Пластический театр ищет такие средства телесной выразительности, которые делают представление понятным любому зрителю, независимо от тех национальных, конфессиональных, профессиональных или социокультурных фильтров, сквозь призму которых он воспринимает спектакль. Идеолог поиска нового языка в театре Арто в книге "Театр и его двойник" писал: " Речь идет о том, чтобы обрести новый физический язык на основе знаков, а не слов"[144]. А в другой своей работе – "письма о языке" расшифровывал эту мысль: "Я считаю принципиально важным, что слова не хотят выговаривать все­го; что по своей природе и своему характеру, установившемуся раз и навсегда, они ос­танавливают и парализуют мысль, лишая ее возможности развиваться"[145]. Поскольку средства художественной выразительности в театре могут быть приравнены к языковым средствам, можно сказать, что по сравнению с другими театральными формами (в том числе и с балетом и пантомимой), пластический театр в поиске универсальных и тотально воспринимаемых средств художественной выразительности стремится к универсальной лингвизации сценического действа. "Человек лингвизирует свой мир, и лингвизация в этом смысле есть творческий процесс. Человек живет в мире пересотворяемом непрерывно с помощью его собственного языка…Наша открытость миру не просто структурируется языком, но также трансформируется с его помощью"[146].

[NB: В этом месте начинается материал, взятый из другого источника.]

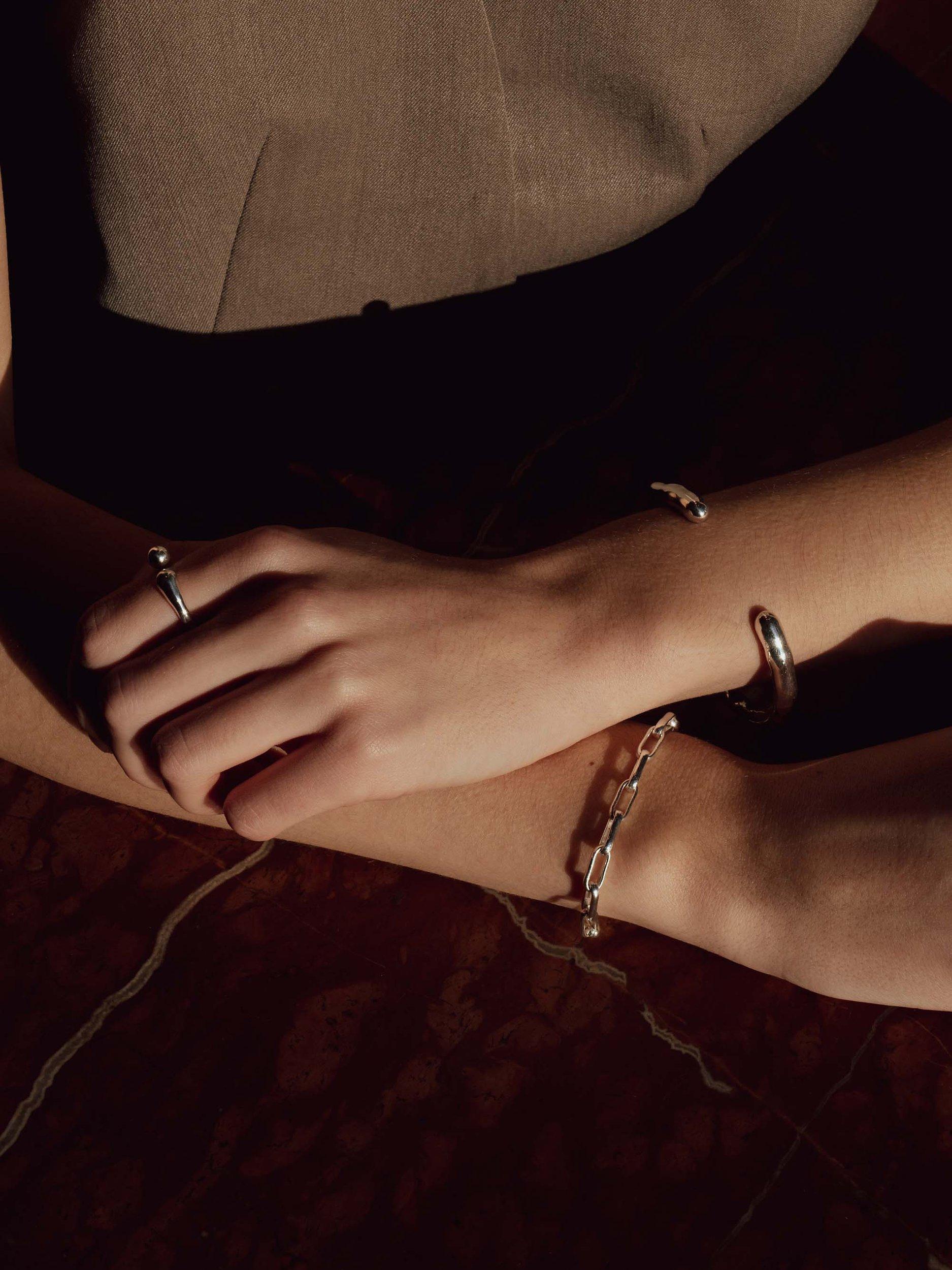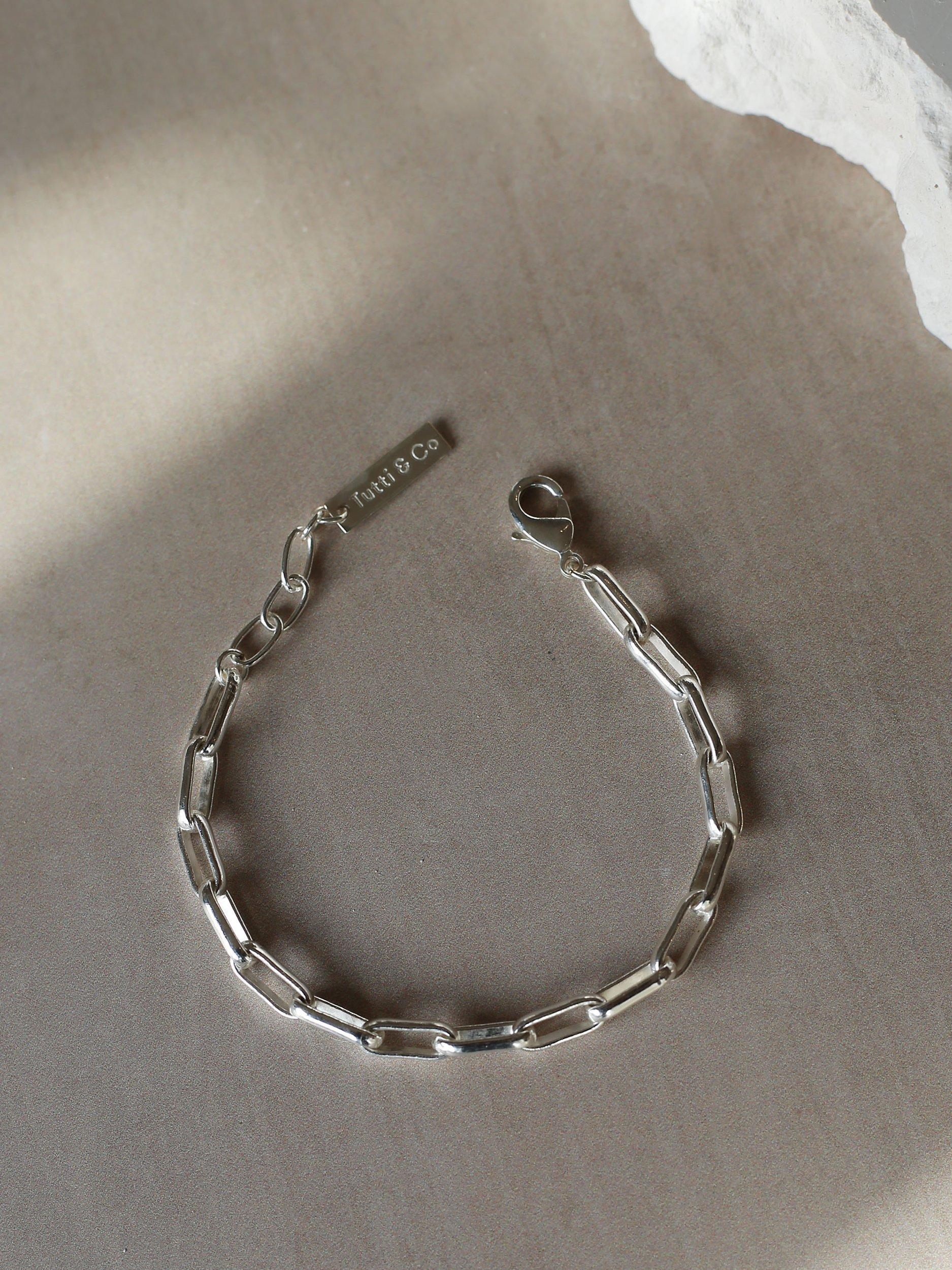 A classic link chain bracelet. Wear alone or layer up with your favourite bracelets and bangles. Finished with an anti-tarnish, water-resistant coating. Presented in a recycled fabric pouch.

Итак, пластический театр с его переносом информационного баланса с вербальной на телесную форму передачи информации, со сменой ориентации от сознания к подсознанию обладает большей лингвистической гибкостью и, в силу этого, является более универсальным способом общения актера со зрителем.

 

c. Сотворчество участников театрального процесса

В книге "Пустое пространство" Питер Брук пишет: " Я убедился, что существует фундаментальная, главная для театра проблема. … В театре ХХ столетия самой главной проблемой является проблема взаимоотношения актеров и зрителей"[147]

Рассматривая функционирование системы "сцена - зритель" с точки зрения психосемантики процесса, необходимо отметить следующий момент: осуществление акта сценического искусства происходит в сложной системе сотворчества, элементами которой являются:

-драматург

-переводчик (возможно)

-режиссер

-актер

-зритель

 

По существу эту систему можно условно разделить на две группы – креативную и репрезентативную или тех, кто создает спектакль и тех, кто его воспринимает. Условность разделения обусловлена тем, что зрителя нельзя характеризовать как чисто воспринимающего субъекта в силу того факта, который еще Брехт назвал искусством зрителя. "Если есть желание добиться художественного наслаждения, то недостаточно стремления к комфортному и дешевому потреблению результата художественной продукции; необходимо быть частью этой продукции, быть самим собой на определенном творческом уровне, дать некоторую волю воображению, присоединить свой собственный опыт к опыту артиста или же его ему противопоставить" (Брехт)[148]. При этом восприятие в процессе взаимоотношений воспринимающего субъекта с эстетическим объектом уже есть интерпретация и, тем самым, сотворчество. Театральное действо провоцирует в зрителе его способность идентификации. У него создается впечатление, что он свидетель и участник событий, сопоставимых с его собственным опытом.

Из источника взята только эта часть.